Membership organisations such as trade unions traditionally funded members’ personal injury claims through the membership fees that they received. As a result of the "recoverability regime" trade unions are reimbursed the costs of unsuccessful actions by defendants in successful claims. Indeed, they are now a significant source of profit. Thus at a stroke, the substantial costs burden was transferred from trade union to the public purse.

6. Section 51

6.1 We would draw the Committee’s attention to clauses 51(1) to 51(3) inclusive (Part 36 provisions in civil claims).

The intention behind the legislation is to provide a mechanism whereby Claimants may recover an uplift on all damages where they "beat" their offer to settle at trial. The aim of this reform was to encourage earlier settlement.

6.2 As the legislation is drafted the provision will extend to all personal injury claims of any value. Whilst 90% or more of all such claims have a value of less than £10,000, the residual 10% of claims carry a very high aggregate value by comparison.

6.3 We believe that Part 36 has less of a part to play in higher value claims where the focus ought to be on rehabilitation and maximising functional recovery. Excessive reward for a successful part 36 might cause adverse behaviour such as:-

6.3.a More trials due to a wish to secure the "bonus" on damages.

6.3.b Delayed access to records and medical facilities to facilitate legitimate enquiry by the compensator.

6.3.c Late offers a short time before trial with a view to securing a boost on damages after all the costs have been incurred.

6.4 We endorse the thrust of the proposal by Lord Justice Jackson that the penalty provisions should be subject to a scale and a cap. In his last paper responding to consultation he sets out a proposal at paragraph 5.3:-

Total damages + value of non-monetary award Percentage increase

1. Up to £500,000 10%

2. £500,001 to £1 million £50,000 + 5% of excess over £500,000

3. Above £1 million £75,000 (with no further increase)
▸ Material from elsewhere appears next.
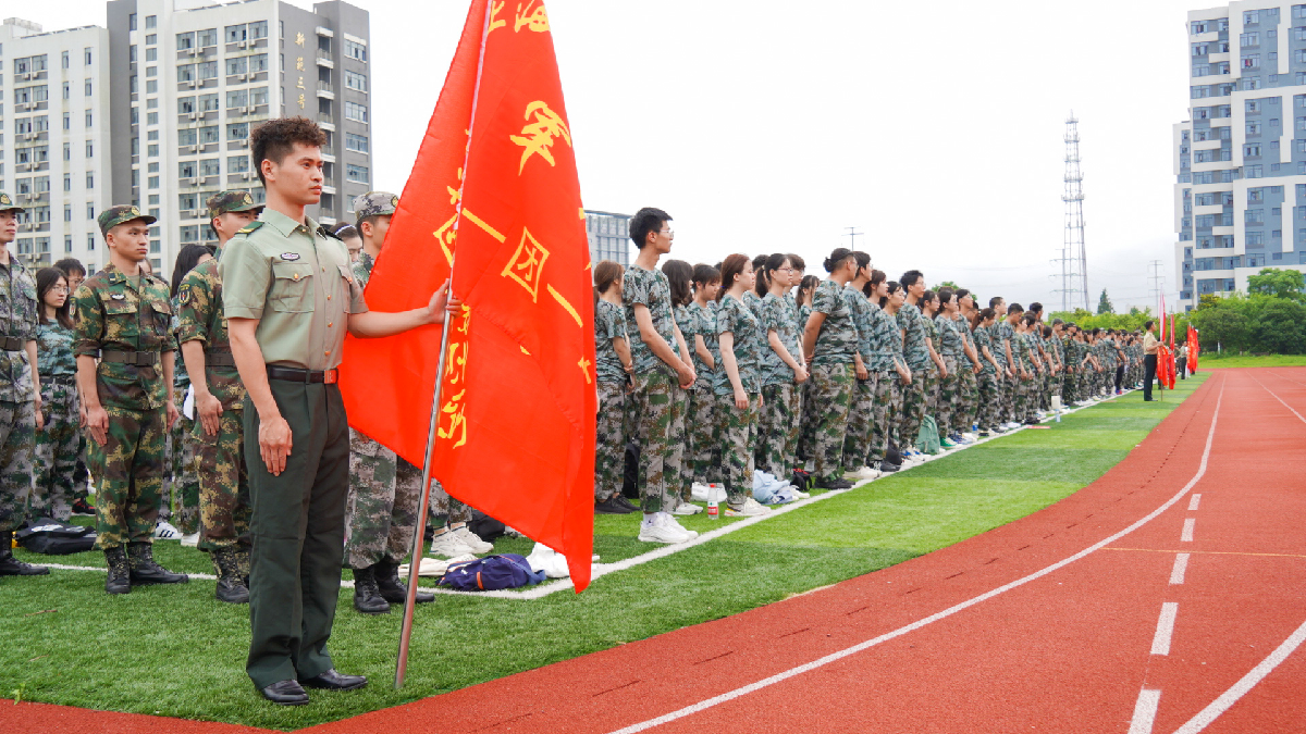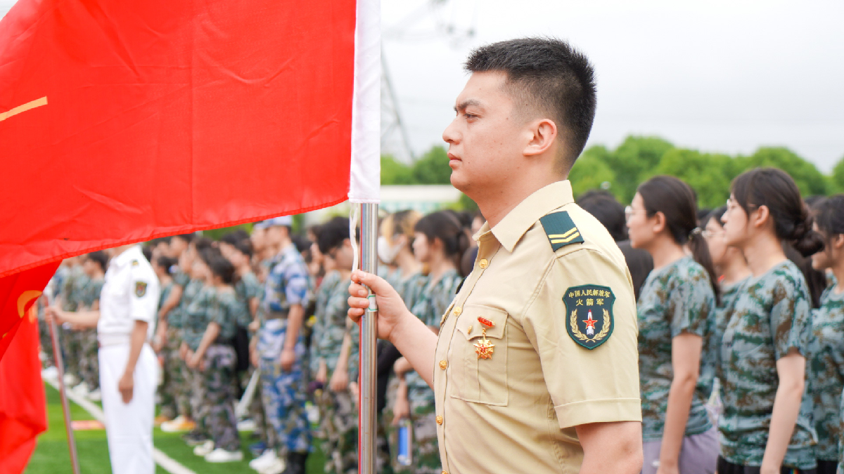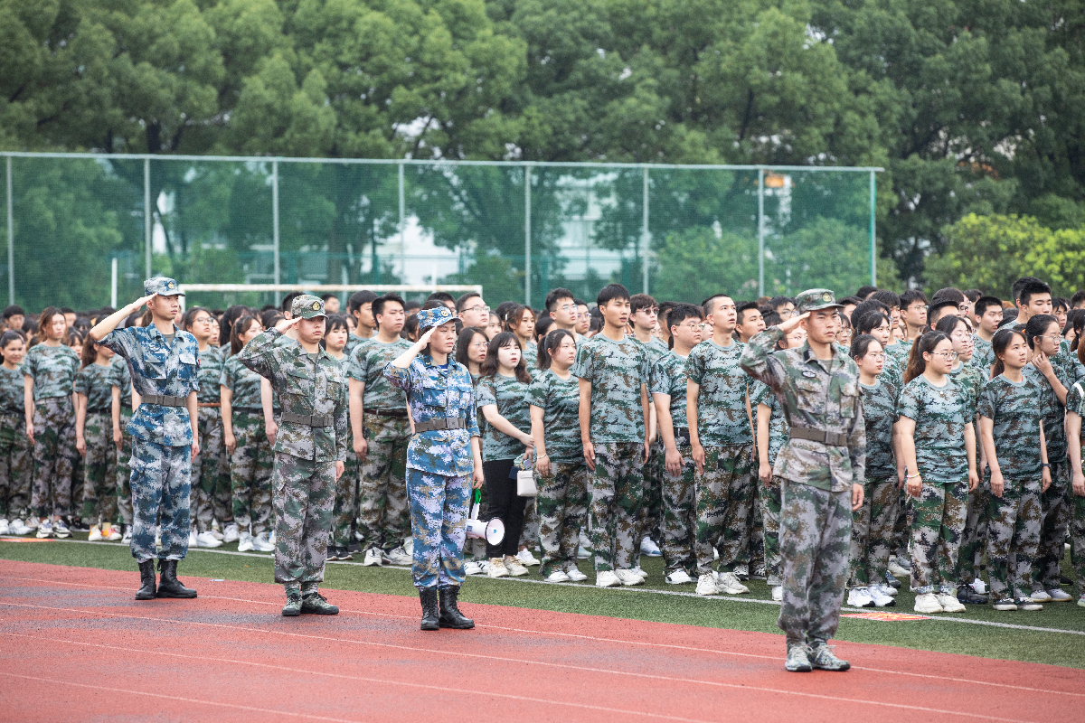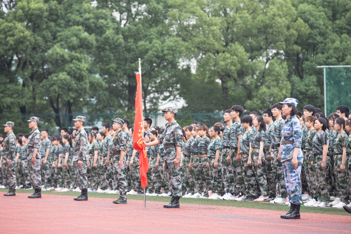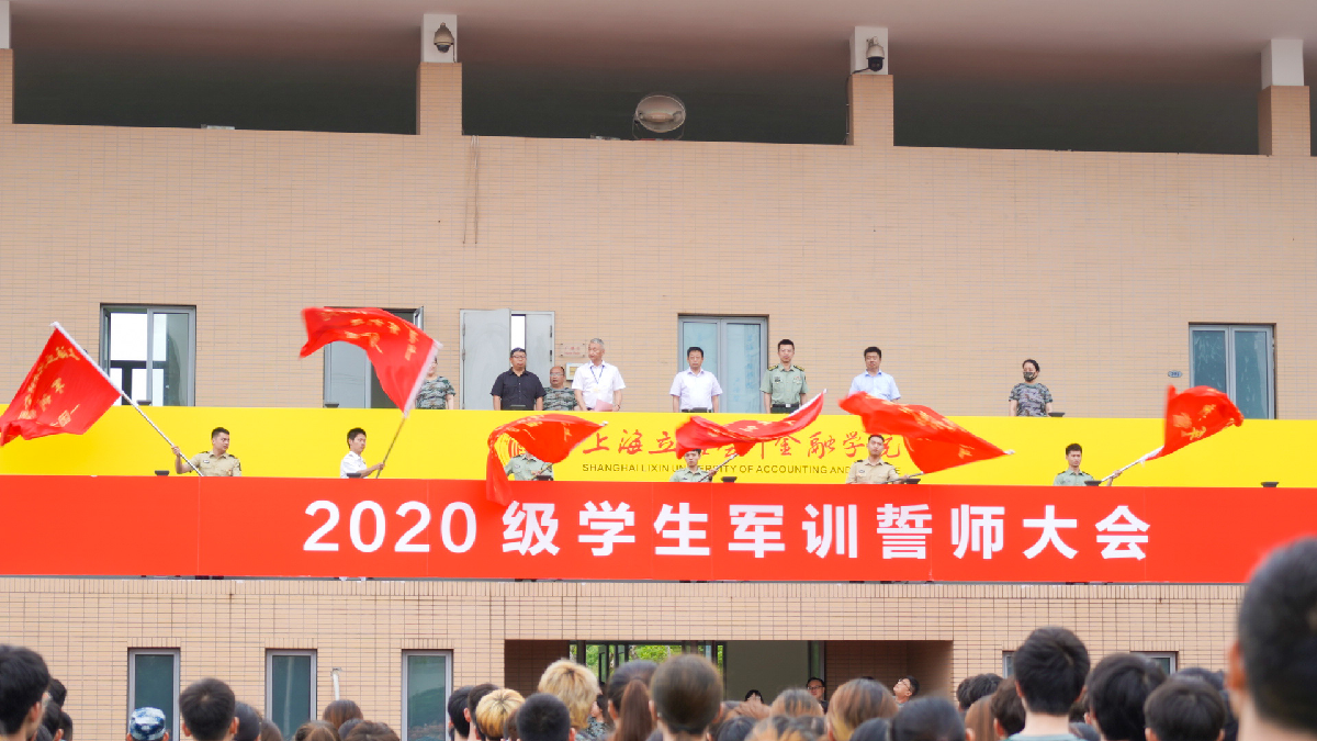 大会上,主席台领导向军训教官代表授旗。会计学院学生代表郭宏宇和金融学院学生代表傅骁发言。4000余名2020级学生在简短而隆重的仪式后展开为期12天的军训之旅。

6.5 Whilst we agree this approach of a cap and a scale, the defined thresholds will be for debate in another forum. We would urge the Committee to adopt the scale approach however. A simple % approach to all claims regardless of value could produce a disproportionate outcome for claimants – perhaps in excess of £1,000,000 for simply beating their own offer by a few pounds. We submit that this is too onerous a burden for the defendant whether they be an insurer, a public authority or the NHS.

6.6 Drafting concern. Section 51(3) states " In subsection (1) "additional amount" means an amount not exceeding a prescribed percentage of the amount awarded to the claimant by the court (excluding any amount awarded in respect of the claimant’s costs)." This draft does not permit the Rules Committee to set a cap to limit the penalty award.

6.7 Proposal. Section 51(3) In subsection (1) "additional amount" means an amount not exceeding either a prescribed percentage of the amount awarded to the claimant by the court (excluding any amount awarded in respect of the claimant’s costs) or such other prescribed maximum sum that may be awarded by way of an additional sum.